EXERCISE DESCRIPTION: Copy the data below exactly. Any pictures in it should be omitted.

[[ COLLECTED MATERIAL, beginning ]]

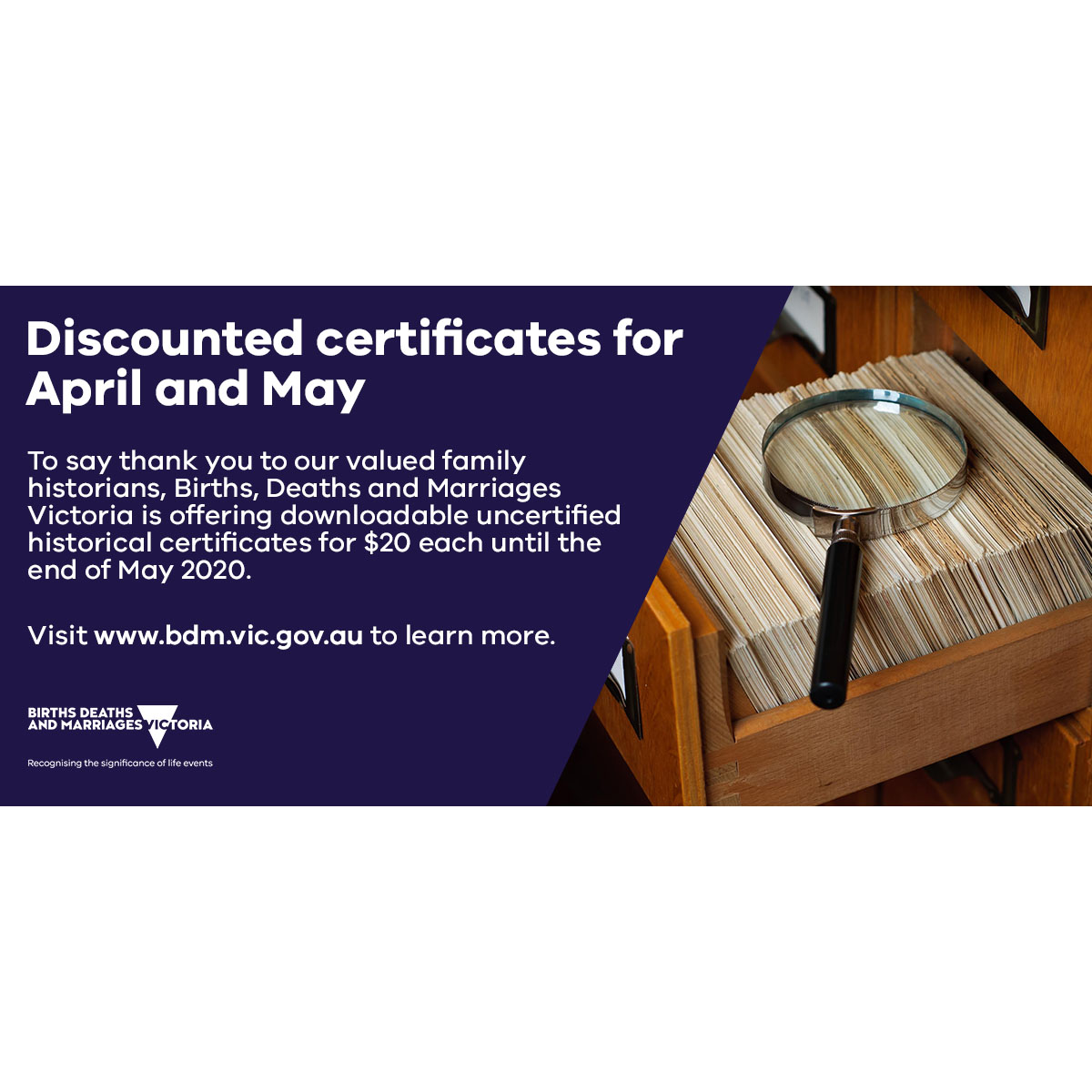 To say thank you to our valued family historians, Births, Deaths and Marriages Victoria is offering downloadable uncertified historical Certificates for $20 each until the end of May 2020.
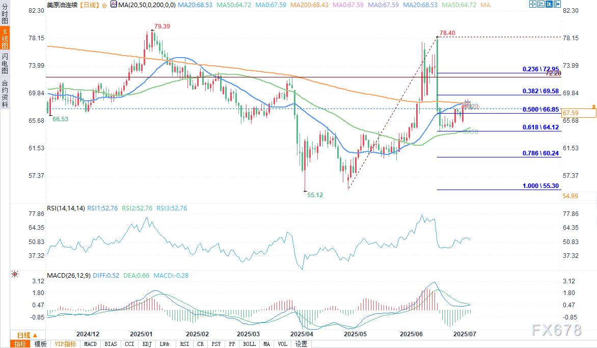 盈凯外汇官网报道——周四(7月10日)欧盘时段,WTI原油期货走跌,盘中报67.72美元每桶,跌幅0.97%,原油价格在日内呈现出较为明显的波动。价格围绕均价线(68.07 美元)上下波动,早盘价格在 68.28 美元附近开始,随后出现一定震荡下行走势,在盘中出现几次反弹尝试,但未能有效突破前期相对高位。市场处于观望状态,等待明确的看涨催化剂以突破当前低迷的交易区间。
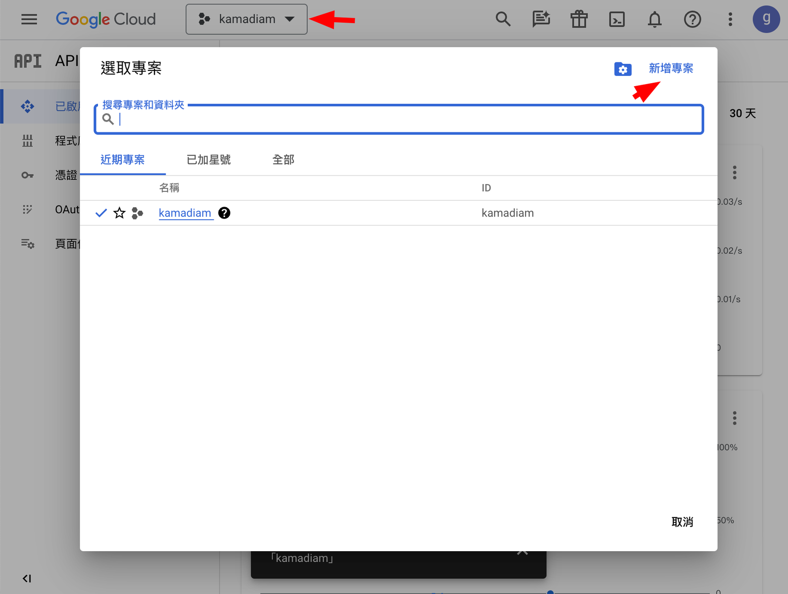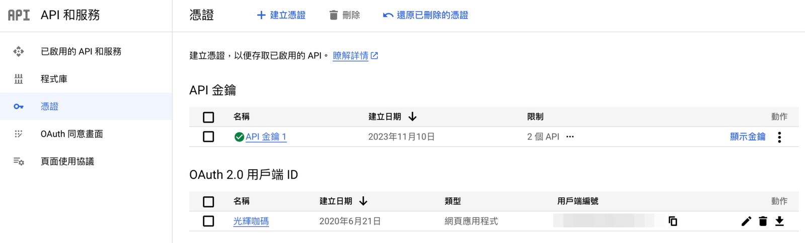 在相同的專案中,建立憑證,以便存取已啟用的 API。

[[ COLLECTED MATERIAL, end ]]

ANSWER SPACE:
 To say thank you to our valued family historians, Births, Deaths and Marriages Victoria is offering downloadable uncertified historical Certificates for $20 each until the end of May 2020.
 盈凯外汇官网报道——周四(7月10日)欧盘时段,WTI原油期货走跌,盘中报67.72美元每桶,跌幅0.97%,原油价格在日内呈现出较为明显的波动。价格围绕均价线(68.07 美元)上下波动,早盘价格在 68.28 美元附近开始,随后出现一定震荡下行走势,在盘中出现几次反弹尝试,但未能有效突破前期相对高位。市场处于观望状态,等待明确的看涨催化剂以突破当前低迷的交易区间。
 在相同的專案中,建立憑證,以便存取已啟用的 API。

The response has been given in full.